## Assignment
Leave out the pictures, then output the lines of the records below from the first through the one containing "AI 팟캐스트는 사용자가".

## Data provided
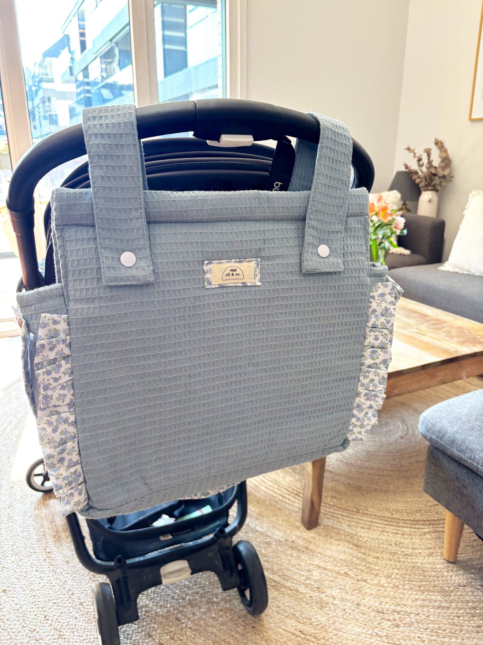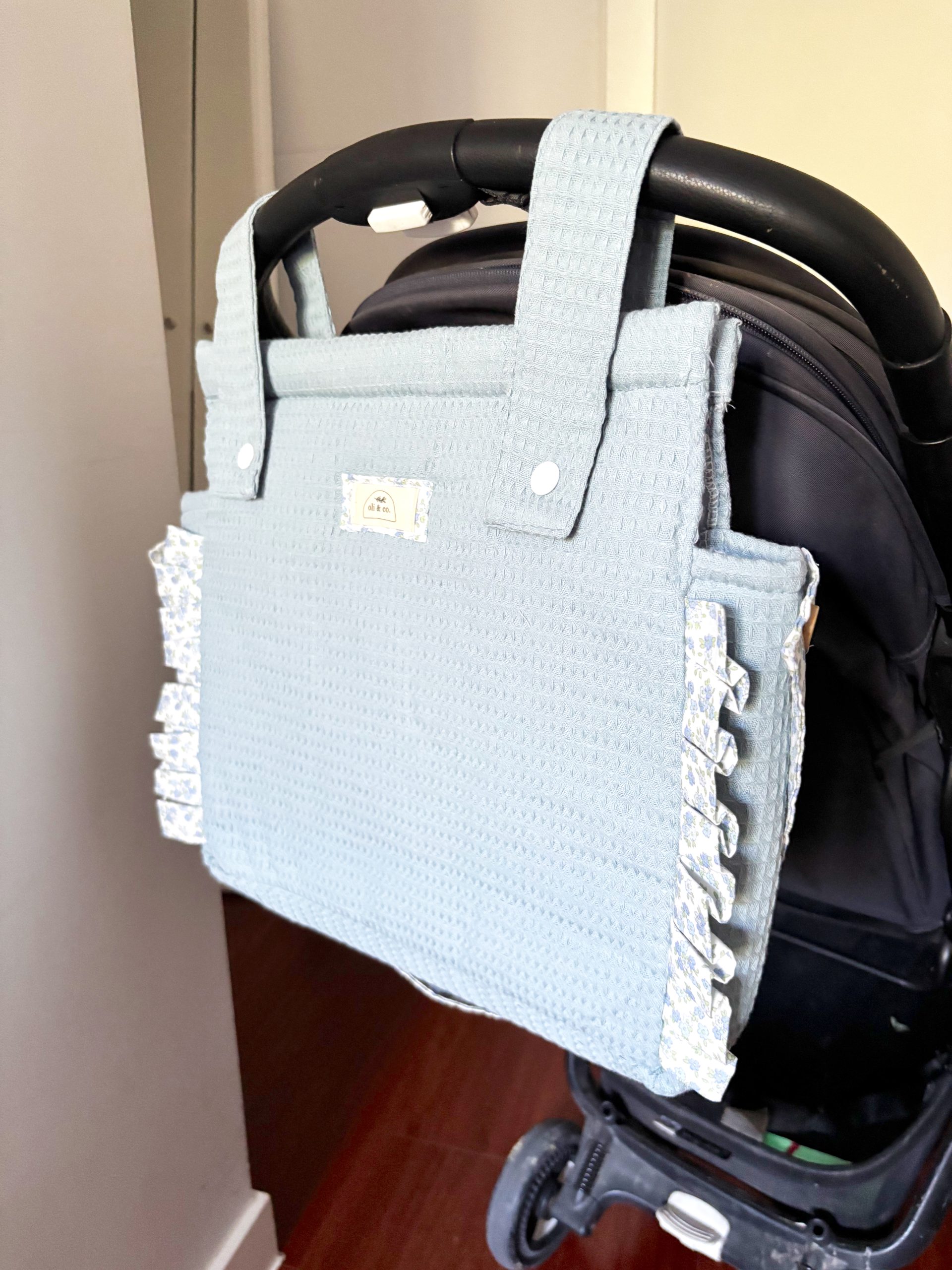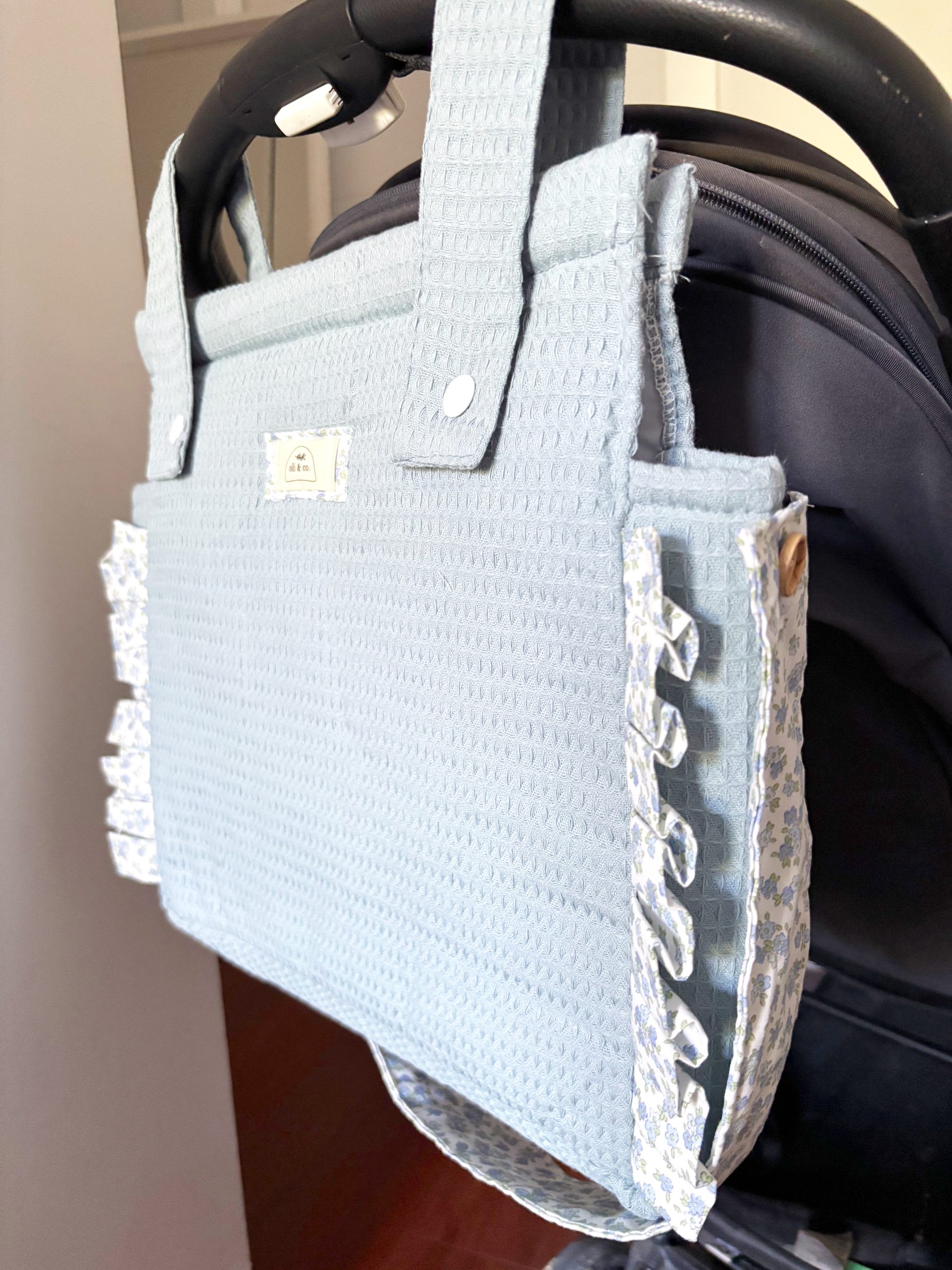 Bolso waffle azul con volantes laterales y asa de hombro en flor azucena
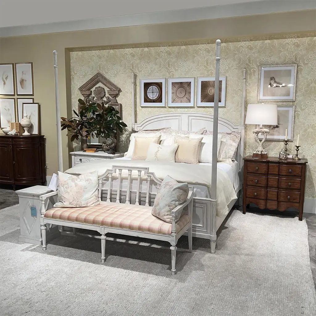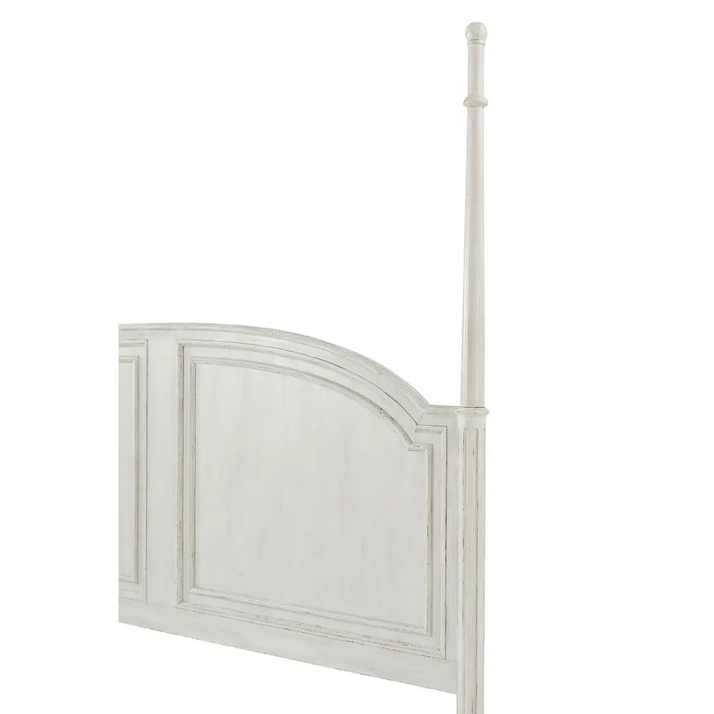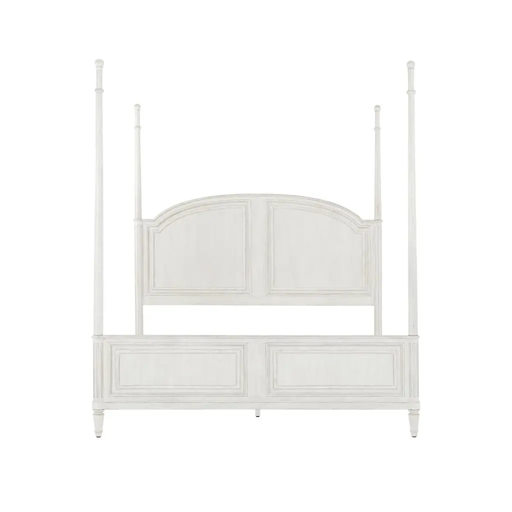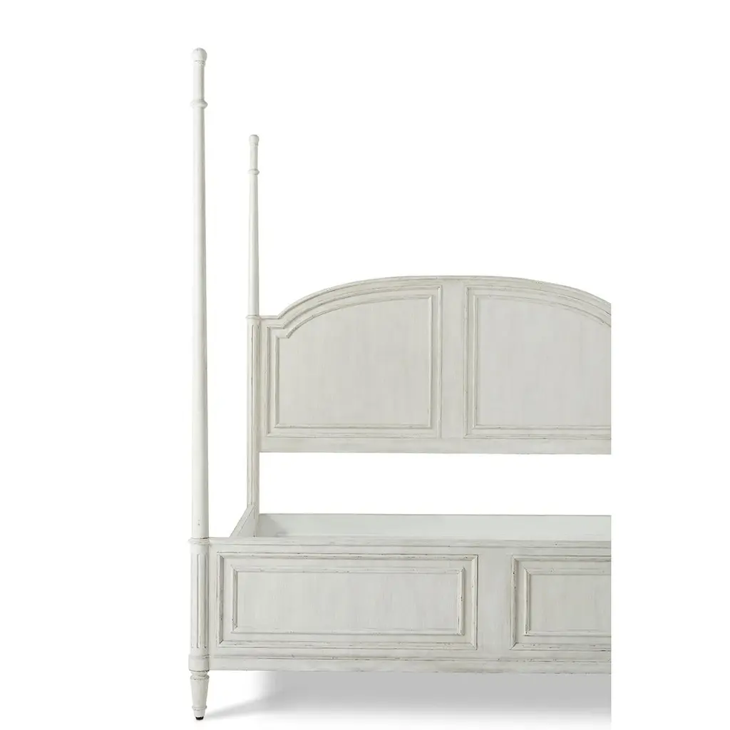 A Rustic white washed painted four post king size bed with carved arch panel headboard and paneled footboard with turned posts having ball finials and raised on fluted styles and turned and tapered feet.Dimensions: 81.5" W x 85.25" D x 89" HFor US King mattress - 76 x 80"Cappings for high-low / low-low included.
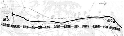 武咸城际铁路连接武昌站和咸宁南站,全长77公里,途经11座车站,线路设计标准与高速铁路相同,设计最高时速300公里,直达运行时间28分钟。
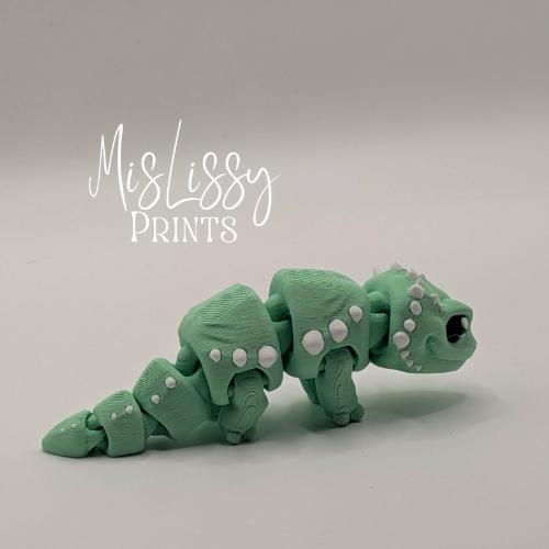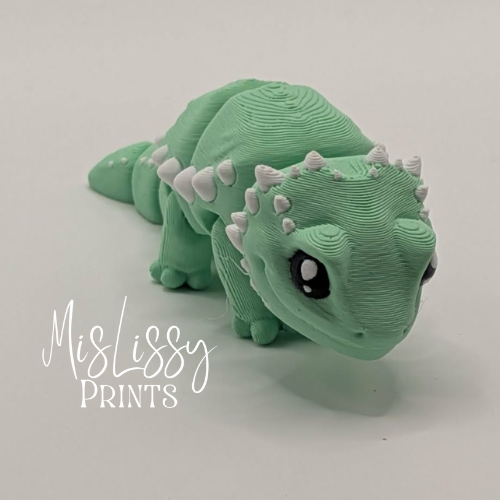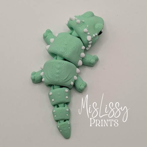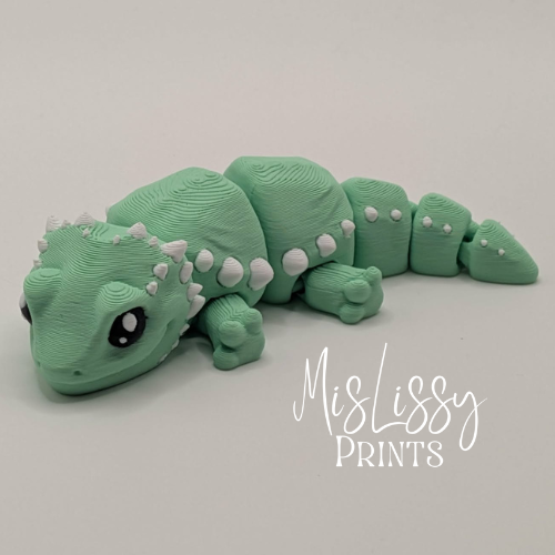 This articulated bearded dragon features a soft green body with white spikes, giving it a gentle, approachable look that’s easy to love. With smooth-moving segments and a relaxed expression, it has just the right balance of realism and charm.
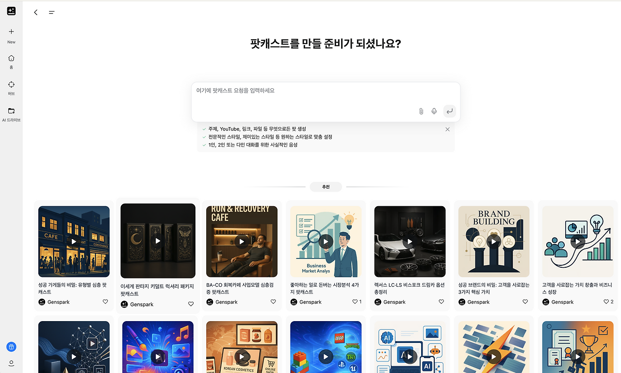 AI 팟캐스트는 사용자가 텍스트 자료나 원하는 주제를 입력하면, 자동으로 리서치, 요약, 원고 작성부터 고품질 오디오 제작까지 한 번에 처리해주는 기능입니다. 방송 전문가 없이도 뉴스, 논문, 관심사 등 다양한 내용을 실제 팟캐스트 형태의 음성 콘텐츠로 만들 수 있으며, 프롬프트 한 줄만 입력해도 정보 수집과 팩트체크, 자연스러운 진행까지 완성되는 자동화된 시스템이 특징입니다. 이를 통해 누구나 쉽게 전문가 수준의 팟캐스트 제작이 가능하며, 다양한 시나리오와 콘텐츠 확장성이 뛰어납니다.
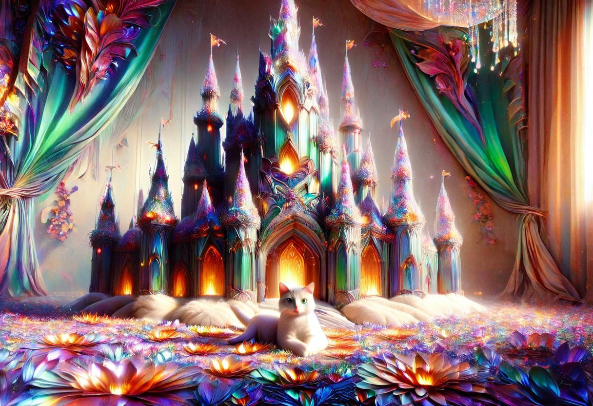 masterpiece, best quality, a snow-white cat with emerald eyes collapsed on the bed. the bed is covered with a sheet with a pattern of multi-colored colors. On the bedside table are flowers of unprecedented shape and beauty. the beige wallpaper ceilings are high, a picture hangs on the wall on which a castle of spires and towers is painted, the castle stands on a mountain, to which a path of flowers leads. 4k, 8k, cinematic lighting, amazing quality, wallpaper, < lora: aesthetic _ anime _ v1s: 1 > ral-smlvltnpls
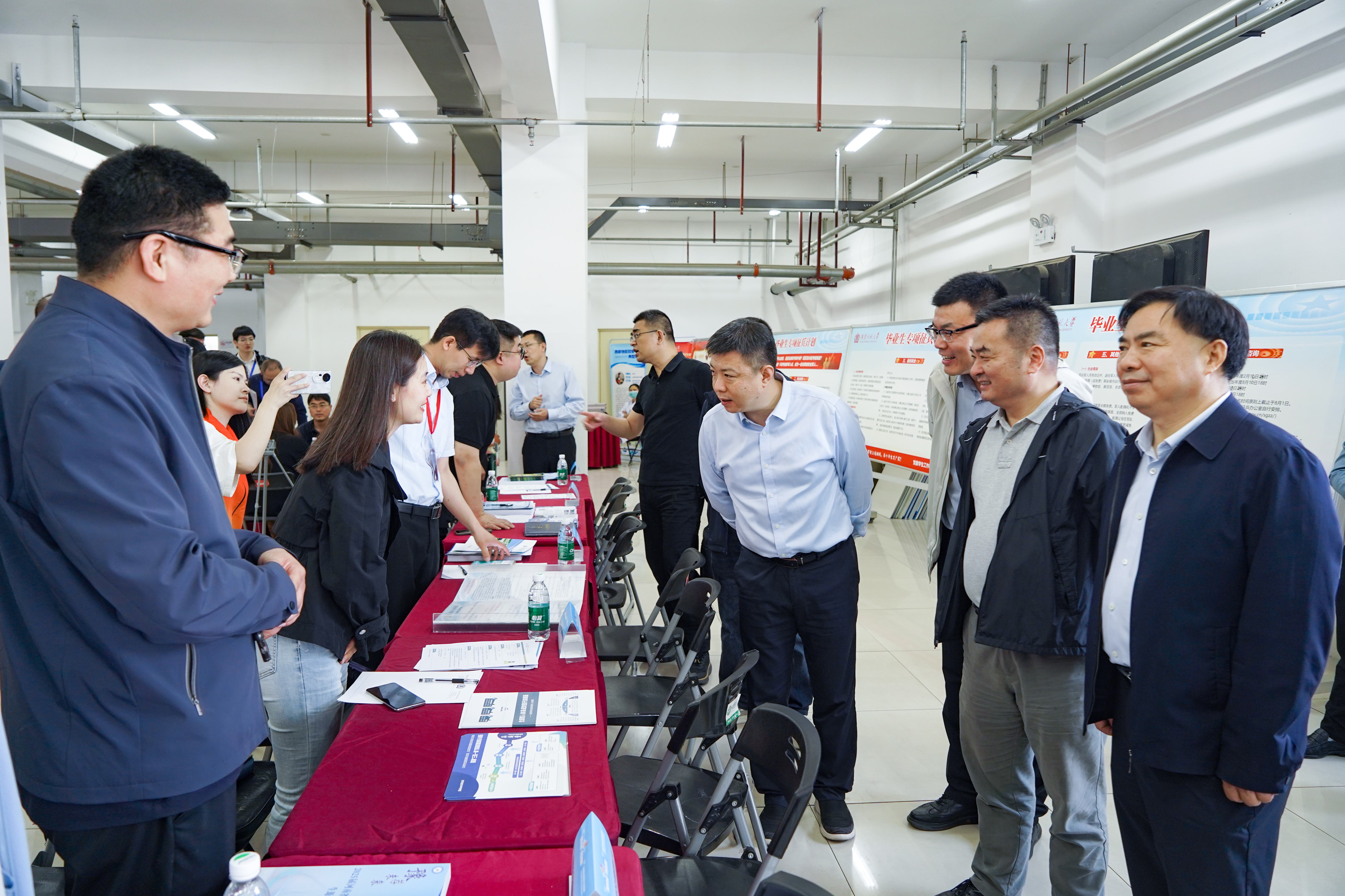 方伟与吕冰等领导到校企对接会现场逐一走访各企业展位,详细了解岗位需求情况和薪资待遇,并与校企代表就产教融合协同育人、就业实习基地建设、订单式人才培养等话题进行了深入探讨。
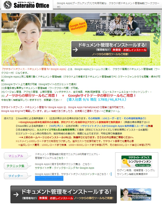 <サテライトオフィス・ドキュメント管理 for Google Apps に関するURL>

## Response area
 Bolso waffle azul con volantes laterales y asa de hombro en flor azucena
 A Rustic white washed painted four post king size bed with carved arch panel headboard and paneled footboard with turned posts having ball finials and raised on fluted styles and turned and tapered feet.Dimensions: 81.5" W x 85.25" D x 89" HFor US King mattress - 76 x 80"Cappings for high-low / low-low included.
 武咸城际铁路连接武昌站和咸宁南站,全长77公里,途经11座车站,线路设计标准与高速铁路相同,设计最高时速300公里,直达运行时间28分钟。
 This articulated bearded dragon features a soft green body with white spikes, giving it a gentle, approachable look that’s easy to love. With smooth-moving segments and a relaxed expression, it has just the right balance of realism and charm.
 AI 팟캐스트는 사용자가 텍스트 자료나 원하는 주제를 입력하면, 자동으로 리서치, 요약, 원고 작성부터 고품질 오디오 제작까지 한 번에 처리해주는 기능입니다. 방송 전문가 없이도 뉴스, 논문, 관심사 등 다양한 내용을 실제 팟캐스트 형태의 음성 콘텐츠로 만들 수 있으며, 프롬프트 한 줄만 입력해도 정보 수집과 팩트체크, 자연스러운 진행까지 완성되는 자동화된 시스템이 특징입니다. 이를 통해 누구나 쉽게 전문가 수준의 팟캐스트 제작이 가능하며, 다양한 시나리오와 콘텐츠 확장성이 뛰어납니다.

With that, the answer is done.